Een school is geen eiland of enclave. Ook scholen van het katholieke net ontvangen kinderen en jongeren van zeer uiteenlopende religieuze of levensbeschouwelijke herkomst. Die openheid brengt vele kansen en uitdagingen met zich mee. Tegelijk zet zij de vraag op scherp naar de eigenheid van ons onderwijs, in het bijzonder van het katholiek onderwijs.
Hoe kunnen eigenheid en verscheidenheid vandaag samengaan?
In de visietekst van en voor het bisdom Antwerpen ‘Een houtskoolvuur met vis erop en brood’ (2012) schrijft bisschop Johan Bonny: ‘Vanuit een christelijk mens- en wereldbeeld mag ‘eigenheid’ niet uitmonden in afgrenzing of uitsluiting. We staan open voor alle kinderen en jongeren die voor onze school kiezen.
Maar ‘openheid’ mag niet eindigen in een kleurloze ‘neutraliteit’.
Wij willen kinderen en jongeren opvoeden in een christelijke geest en met een christelijke levensstijl voor ogen. Het ‘verschil’ waar het in het Evangelie en de kerkgemeenschap over gaat, moet in een katholieke school tot uitdrukking kunnen komen’.

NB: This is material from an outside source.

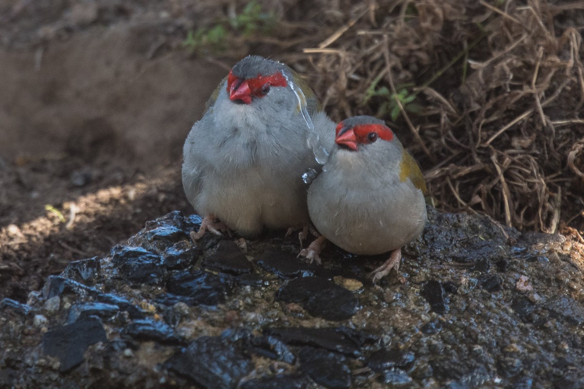 Slowly a tiny trickle of water appeared, and then a stream. And before you could say, “What a waste of Water!!!!”, we had flocks of Red-browed Finches, Spotted Pardalotes, New Holland Honeyeaters, Silvereyes, White-naped and Yellow-faced Honeyeaters, a few familes of Superb Fairywrens, Brown Thornbills, Red Wattlebirds, and two bossy Magpies. Then to top it off both Scarlet Robins made a quick appearance.

Hoewel de nieuwe beleidstekst Vieren op school vooral aandacht besteedt aan vieringen op een katholieke dialoogschool, vallen scholen van de andere netten niet uit beeld. Integendeel, ook directies en leerkrachten uit scholen van het officiële net zullen in de voorliggende tekst vragen en opdrachten herkennen waarmee ze dagelijks te maken hebben.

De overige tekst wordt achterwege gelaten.